Alguns fazem mesmo questão de se vestir "a rigor", como Luana, de cinco anos, que usava um "maillot" de veludo azul e branco e meias com riscas coloridas acima do joelho, e nem esqueceu a maquilhagem, "para ficar com bochechinhas", disse.

O professor, 18 anos, é um ex-aluno do curso de Artes e Animação Circenses e um dos quatro estudantes do Chapitô que tentou no ano passado "ir para fora" e ingressar numa escola superior de circo, mas viu a sua pretensão rejeitada.

Por agora, ficou a estagiar, "para ganhar dinheiro", no Chapitô, onde acompanha as aulas de "aéreos", até poder fazer nova tentativa.

Confessando que a sua paixão "é mesmo a dança e, depois, o circo", a ambição de Sérgio Conceição é fundar uma companhia de "novo circo", que "conjuga tudo, é mais uma `performance`".

Preparar os alunos para que consigam ingressar numa escola superior, onde "a concorrência é muito grande", é um dos objectivos dos cursos da Escola Profissional, adiantou à Lusa a professora de técnicas circenses, Raquel Nicolette, brasileira, 28 anos.

Especialista em acrobacias aéreas, Raquel Nicolette ensina em parceria com mais dois professores, que leccionam malabarismo, equilíbrios e antipodismo (manipulação de objectos com os pés).

Afirmando que os alunos são "muito motivados", a professora sustenta que se pretende também que "percebam que o futuro profissional está nas suas mãos" .

Raquel Nicolette explica que os estudantes, alguns com formação em dança, ginástica ou com experiência de malabares, "têm sempre de complementar" as vertentes em que têm menos à-vontade, porque "a ideia é que todos tenham um corpo acrobático".

A professora orienta um curso de fim-de-tarde, destinado a quem "quer rabalhar mais o seu potencial circense", e sublinha a grande procura de "estrangeiros, que "vêm de propósito para aperfeiçoar uma técnica" e que transformam as aulas numa "multidão de línguas".

Rui Rebelo pretende que os seus alunos, no final do curso, "saibam expressar-se musicalmente e que sejam novos ouvintes de música", mas que, acima de tudo, percam os preconceitos, ensinando-lhes que "a musicalidade está em tudo".

"Se não conseguirem tocar, sabem escolher a banda sonora ideal para uma determinada cena", explica.

O edifício do Chapitô concentra muitas actividades, mas é através da Companhia que a instituição mais estende os seus "tentáculos" para fora das parede s da casa da Costa do Castelo.

"Viajamos muito com os espectáculos.
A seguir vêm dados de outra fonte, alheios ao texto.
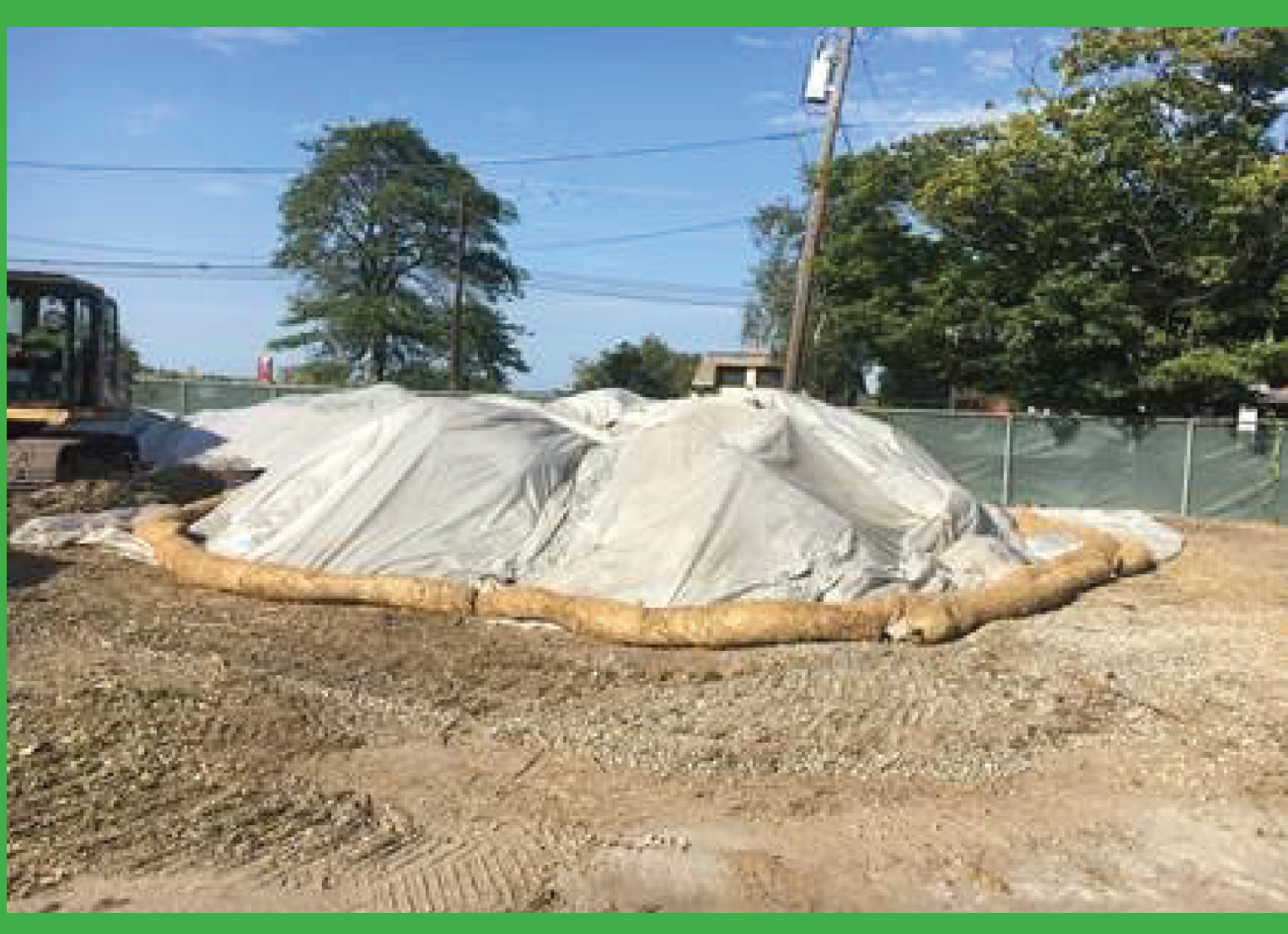
Covered Stockpiles Control Dust and Odors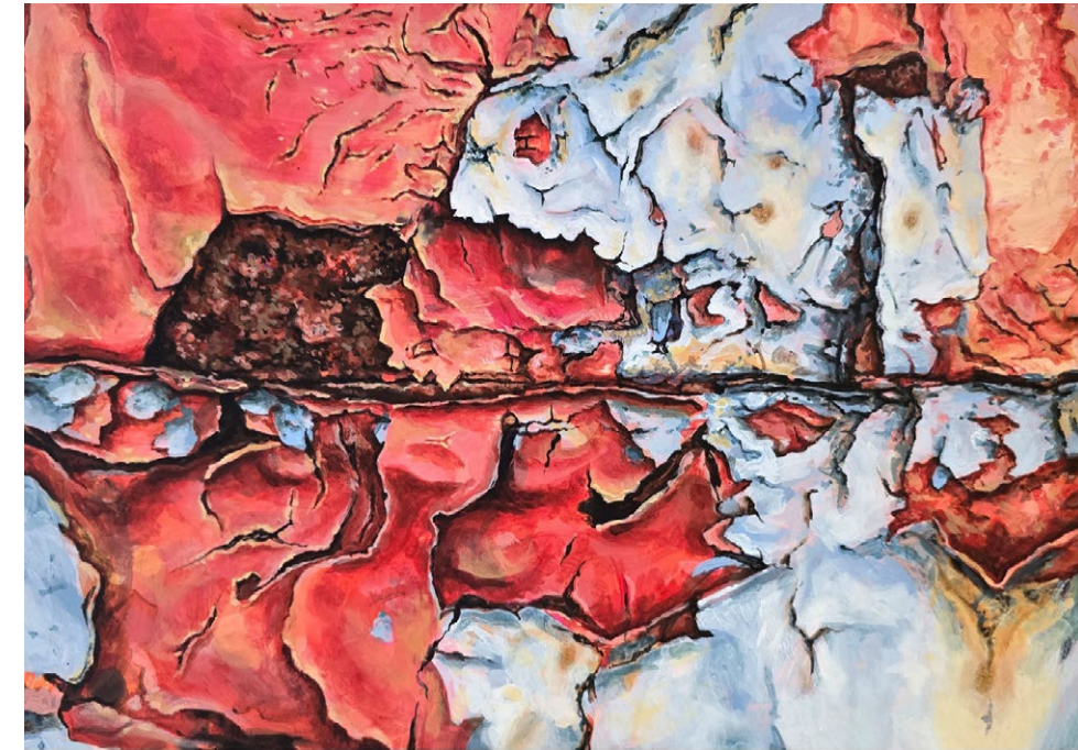
Tractor Paint Peel 2

His works are made through processes of construction, deconstruction, reconstruction, and restoration and he is fascinated by how this may cause us to reflect on our value systems. He uses the physical act of making as a means of thinking, and the outcomes explore the boundaries of imperfection, incompleteness, and impermanence. He lives, teaches and works in London having graduated from Chelsea College of Arts and Staffordshire University.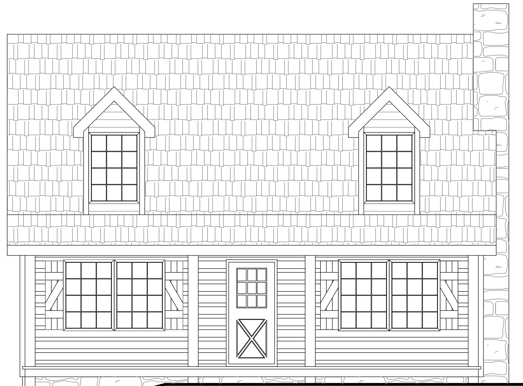
FRONT ELEVATION NOT TO SCALE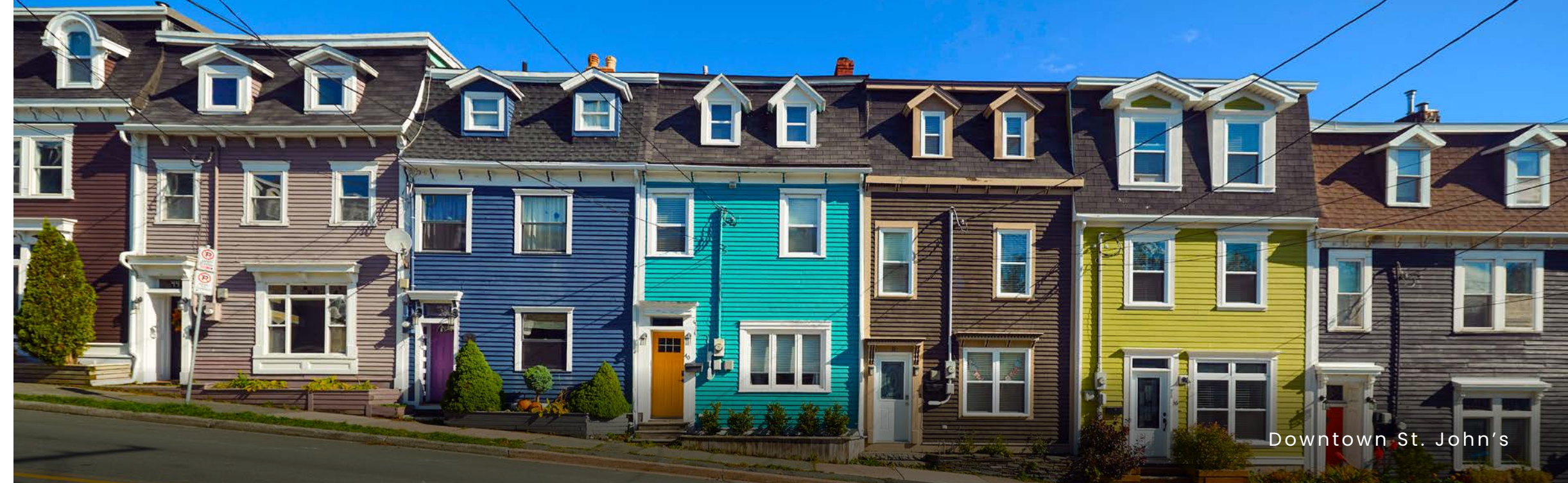
Downtown St. John's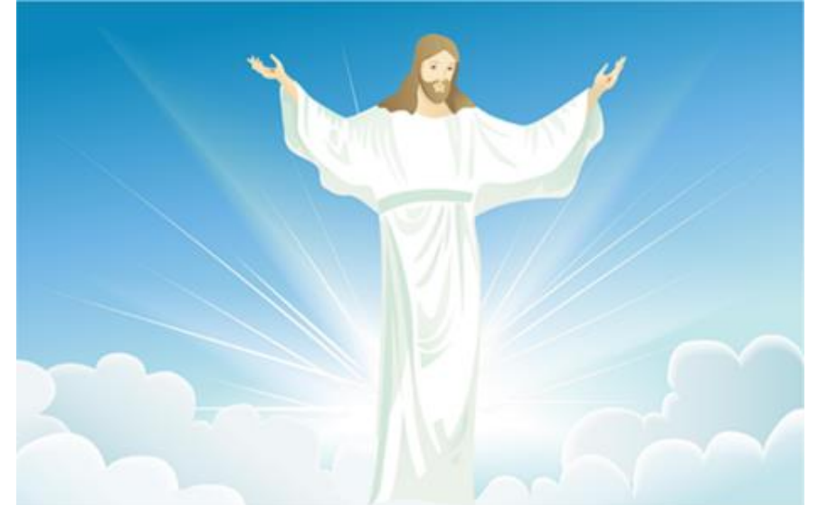
Jesus returns to His Father in Heaven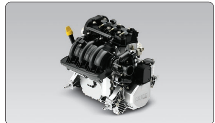
ROTAX® 900 ACE™ - 90 Fuel-efficient, compact and lightweight Rotax® engine.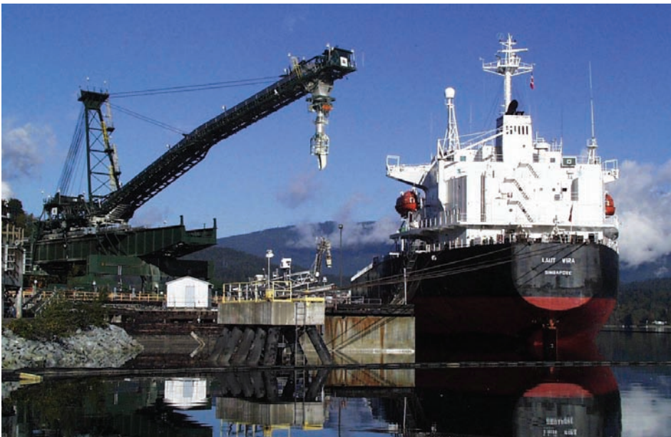
Ships berthed at PCT deliver sulphur to countries around the world.

S upplying the world with sulphur is no easy task. Past issues of Channels have discussed the movement of sulphur from Alberta, through Port Moody, to countries across the globe. It's a job that requires careful timing and excellent communication with suppliers, purchasers, railways, ships, and employees. It's also a job that requires PCT's state-of-the-art facility to work its best to get the job done as safely and as quickly as possible.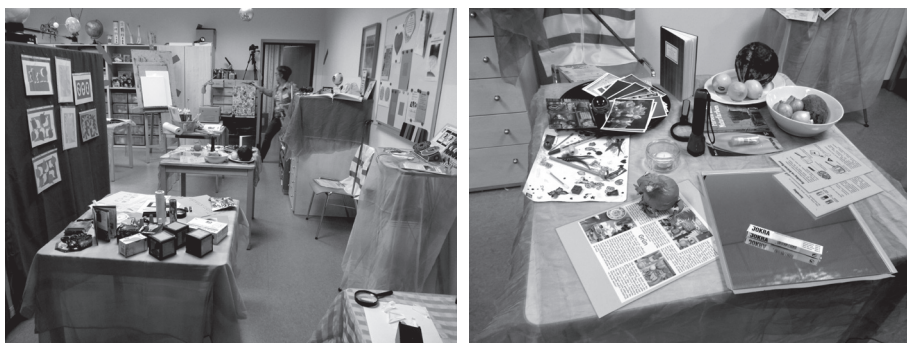
FIGURE 1 – SCENERY WITH MATERIALS IN THE LERNWERKSTATT «LIGHT AND COLOUR»

Prescribed topics are, for example, light and colour, water, insects etc. (figure 1). Together with the coaches the students find a question, plan and conduct experiments and document their ideas and observations in a lab journal. Coaches are the Lernwerkstatt teachers, the classroom teachers who join the Lernwerkstatt , higher education students or assistant teachers. At the end a festivity is arranged by the students to present their own results (Minnerop-Haeler, 2013).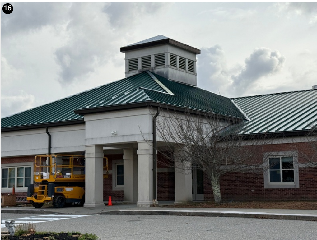
Dormer above side entrance- 11/22/24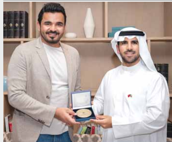
Qatar Olympic Committee (QOC) President HE Sheikh Joaan bin Hamad al-Thani met Kuwait Olympic Committee chief Sheikh Fahad Nasser al-Sabah on the sidelines of the Hangzhou Asian Games yesterday. The meeting reviewed aspects of sports co-operation between two countries and ways to support and develop them.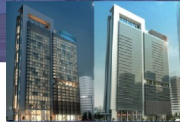
Project: Bloom Central, Zone W-13/01 Company Name: Shapoorji Pallonji Mid-East LLC Location: Abu Dhabi, UAE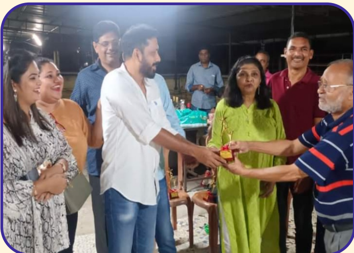
MALAD TEAM ACCEPTING THE AWARD FOR BEST UNITED GAOTHAN AGERA CELEBRATION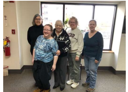
The Calvary Crafting Group

Calvary's craft group meets after the 10:30 AM service to socialize and share our crafts with each other. We have a number of knitters and crocheters, but all crafts are welcome.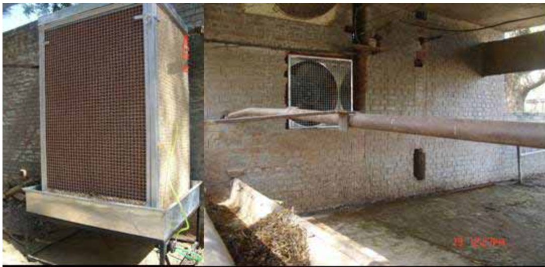
Fan-pad cooling system in cattle shelter at GADVASU

CIPHET has also started another project for poultry comfort with GADVASU. The poultry shelter available in the department of Livestock Production Management, has been segregated into six experimental units, for cage and deep litter system for the layers. The studies are being done with fan-pad and fan-fogger cooling for the poultry.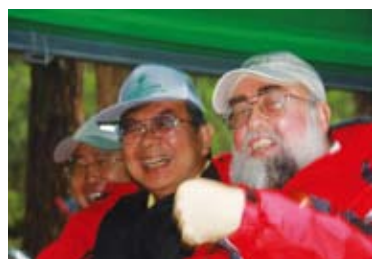
The field trip

The Symposium on Sustainable Forest Management in the Greater Mekong Subregion (GMS), more like a brainstorming session, provided a venue to exchange experiences on forest rehabilitation and sustainable forest management, identify priorities, and explore ways in which APFNet and GMS countries can enhance collaboration on forest issues in the region. 22 representatives from forest agencies, the Mekong River Commission (MRC), TNC/RAFT, Southwest Forestry University (SWFU) and the APFNet Secretariat were in attendance. Country reports on national forest policies and strategic plans for SFM, as well as main challenges were presented. Priority activities at both national and regional levels were proposed for future cooperation with APFNet.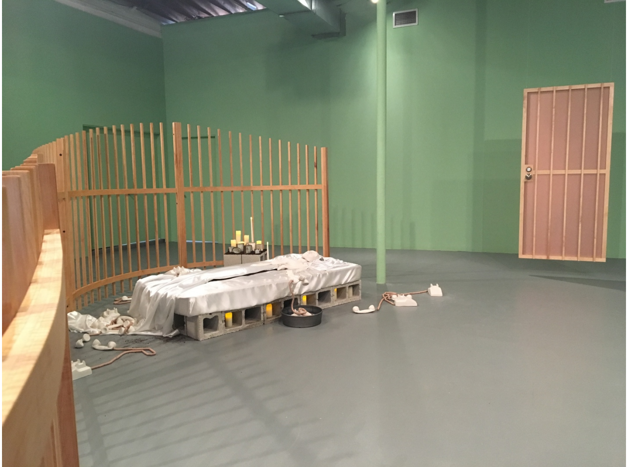
Cristine Brache: Cristine's Secret Garden Installation view at Locust Projects 2019

Additional images available upon request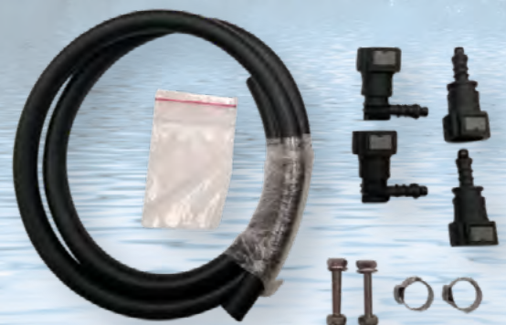
Hose and fittings (incl. in installation kit)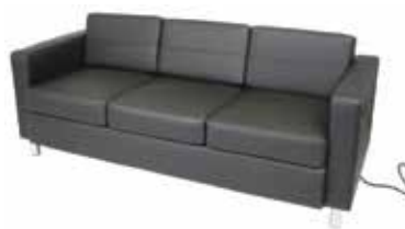
LG715 MALIBU SOFA WITH POWER Black, White 73"Wx31"Dx30"H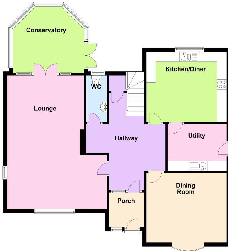
Ground Floor Approx. 103.0 sq. metres (1108.8 sq. feet)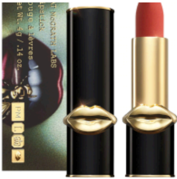
PAT MCGRATH MatteTrance™ Lipstick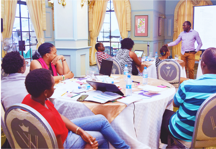
AFIDEP staff at the Strategic Plan review meeting in Nairobi in March 2017.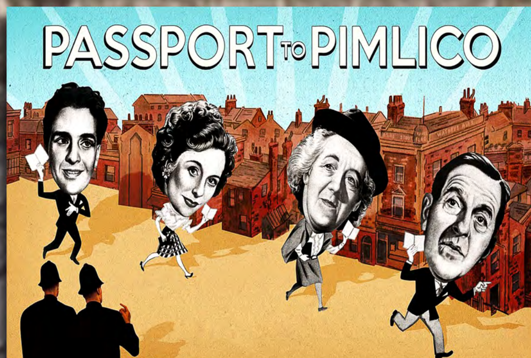
Passport to Pimlico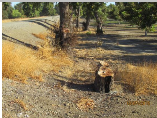
View of the tree stump at the landward side of the levee looking downstream. Fall 2015.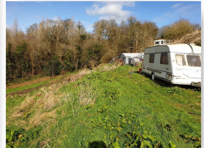
Pine Ridge Farm, Trevigro Callington PL17 7JT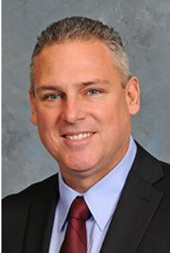
50 th District UIUC alum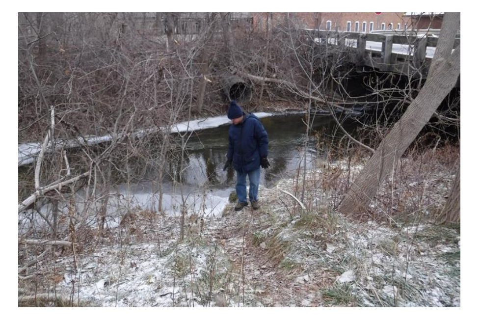
Old pathway down the bank to Paint Creek before stairway access project.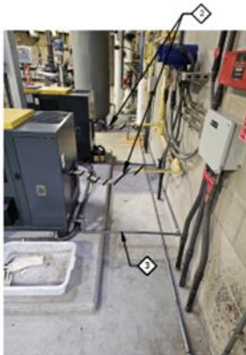
2 PHOTO SCALE: NO SCALE FILE: 202646_05D402.jpg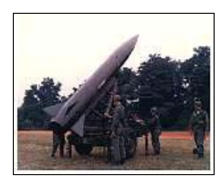
Figure 3 U.S. Army Lance Missile (From Ref <sup>48</sup>)

unarmed.<sup>45</sup> Later in 1985, AIPAC proved influential enough to persuade Congress to block the sale of additional F-15s to Saudi Arabia.<sup>46</sup> Throughout the 1970s and 1980s, U.S. arms transfers to the Saudis were often characterized by power struggles within the U.S. government. Saudi requests for military sales typically countered the congressional concerns that the arms would pose a threat to Israel. Despite Saudi assurances of the defensive nature of arms requests, congressional influence over the process resulted in the changes in the program content and several proposal packages.<sup>47</sup>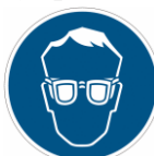
Tightly sealed goggles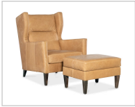
Leather shown: ML1002-85 Skylen Butternut Finish: Perk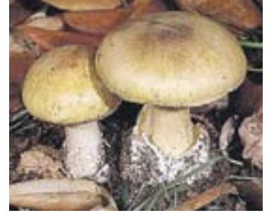
Death cap

When early and aggressive treatment is instituted, the overall prognosis is good. If a dog has just ingested mushrooms and not yet shown signs, he may be made to vomit. Additionally, a binding substance called activated charcoal will be introduced into his stomach to capture any toxin not yet absorbed into the bloodstream. This can be repeated several times over the next 48 hours in order to continue to bind active toxin. Further supportive care includes hospitalization, intravenous fluids, gastrointestinal medications for nausea and vomiting. Anti-oxidant medication can be given to further reduce damage to liver and kidney cells. Blood tests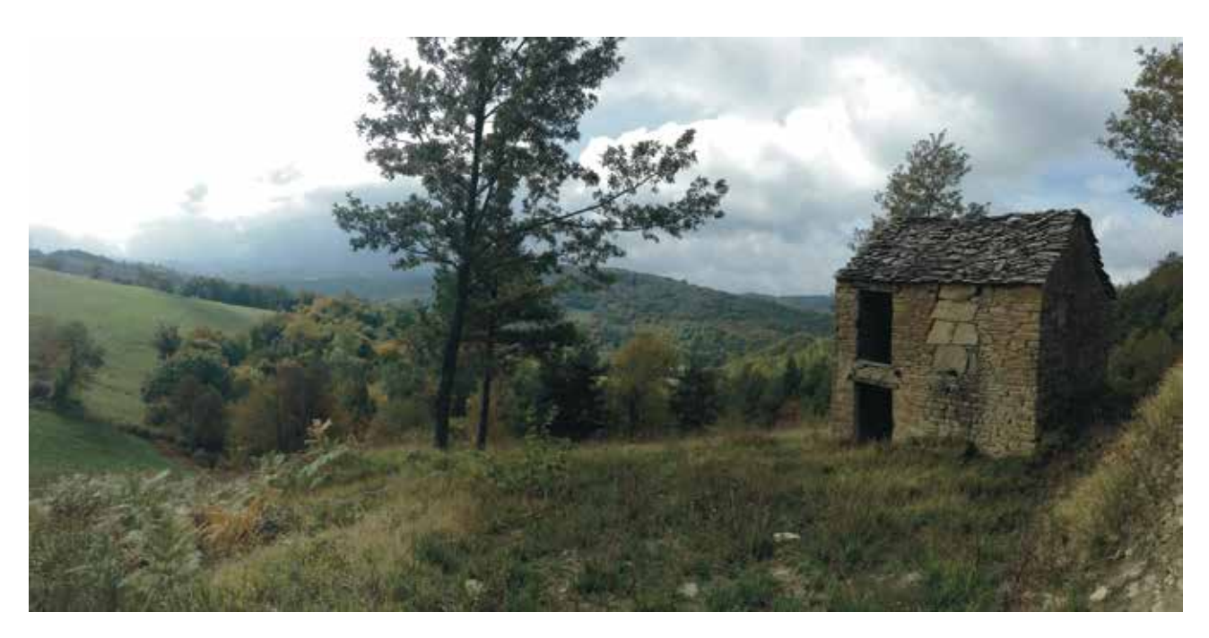
Fig. 1 Ciabòt / valley view

The intervention respects the environment preserving what already exists as well as the local background; it lightly integrates itself in the existing reality through minimum operations that show how it is easier and more sustainable for the human being to adapt to the environment rather than the opposite. The ciabot remains a shelter in which the light is given by candles, the water by rainfalls and the heat by fire, witness of a past to be appreciated.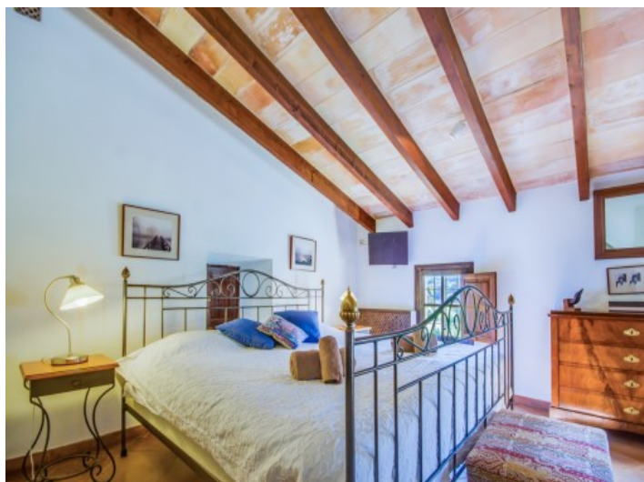
Master suite with chill out area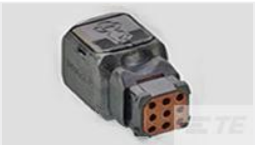
TE Part #D369-P99-NS1 369 9 WAY PLUG, CRIMP, SKT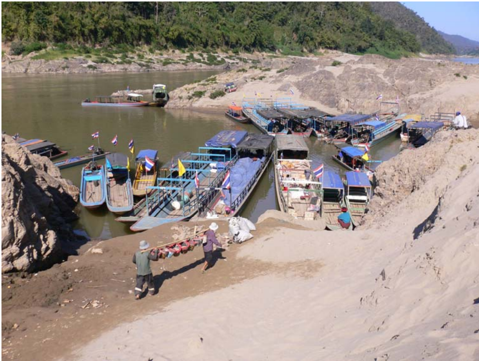
Photograph 2: Chinese vessels at Chiang Saen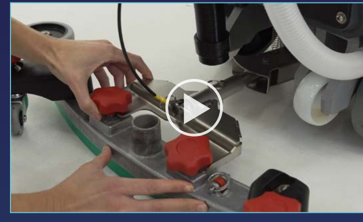
Quick Start Videos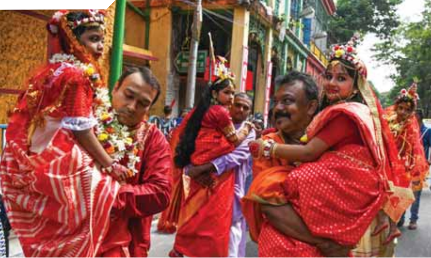
Devotees carry girl children to a puja pandal for 'Kumari Puja' on 'Maha Ashtami' of the Durga Puja in Kolkata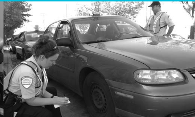
The taxi inspectors ensure that the vehicles comply with standards so the users can enjoy safe, high-quality service.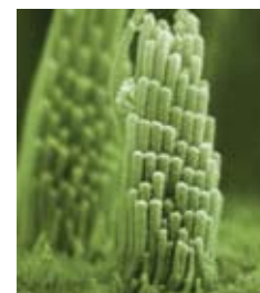
Figure 2: Intestinal Villi

“The problem is that foods rich in nucleotides are now rarely on our menu. Meat products from organs such as liver, kidney, intestines and lung are particularly rich sources of nucleotides, but are now rarely eaten.”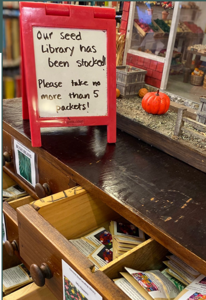
The restocked seed lending library at Fowler

Fazemos muita itinerância nacional e internacional", adianta Rui Rebelo, recordando visitas a países como o Irão, China, Brasil, Cabo Verde, Espanha ou Itália.

A Companhia pratica um "teatro mais físico, em que o texto tem um papel muito mais secundário, com uma narrativa mais musical e visual, usando quase sempre referências universais, como Dom Quixote, a Bíblia ou Romeu e Julieta".

Esta itinerância permitiu-lhes constatar que a Companhia "é mal-interpretada em Lisboa, tem muito mais reconhecimento e é bastante mais acarinhada" no estrangeiro e fora da capital.

Rui Rebelo justifica este facto com "o estigma de que no Chapitô só há palhacinhos e `freaks`", mas que não é "de todo o que se faz" naquela instituiçã o, "que é uma casa muito grande".

Para mudar esta percepção e garantir "outro tipo de visibilidade" à Companhia, "é quase vital" a abertura do Chapitô-Rio, na área do Porto de Lisboa, onde existirá uma sala com 200 lugares, ao contrário das 80 pessoas que a tenda alberga actualmente.

As novas instalações deverão acolher exposições, uma sala de espectáculos, uma escola de "rock" e a "Casa das Casas", um museu ligado às artes do circo e do cabaret, com espólios de velhos artistas, adiantou Teresa Ricou.

De olhos postos, como sempre, no rio Tejo, o Chapitô comemora ao longo deste ano, com várias iniciativas, os 25 anos da instituição, os 15 da Escola Profissional e os dez da Companhia.

Para Teresa Ricou, "são 25 anos de trabalho cultural, social e de formação de jovens e de novos públicos" e que só foram possíveis "trabalhando, trabalhando, trabalhando" como uma "formiguinha, formiguinha, formiguinha".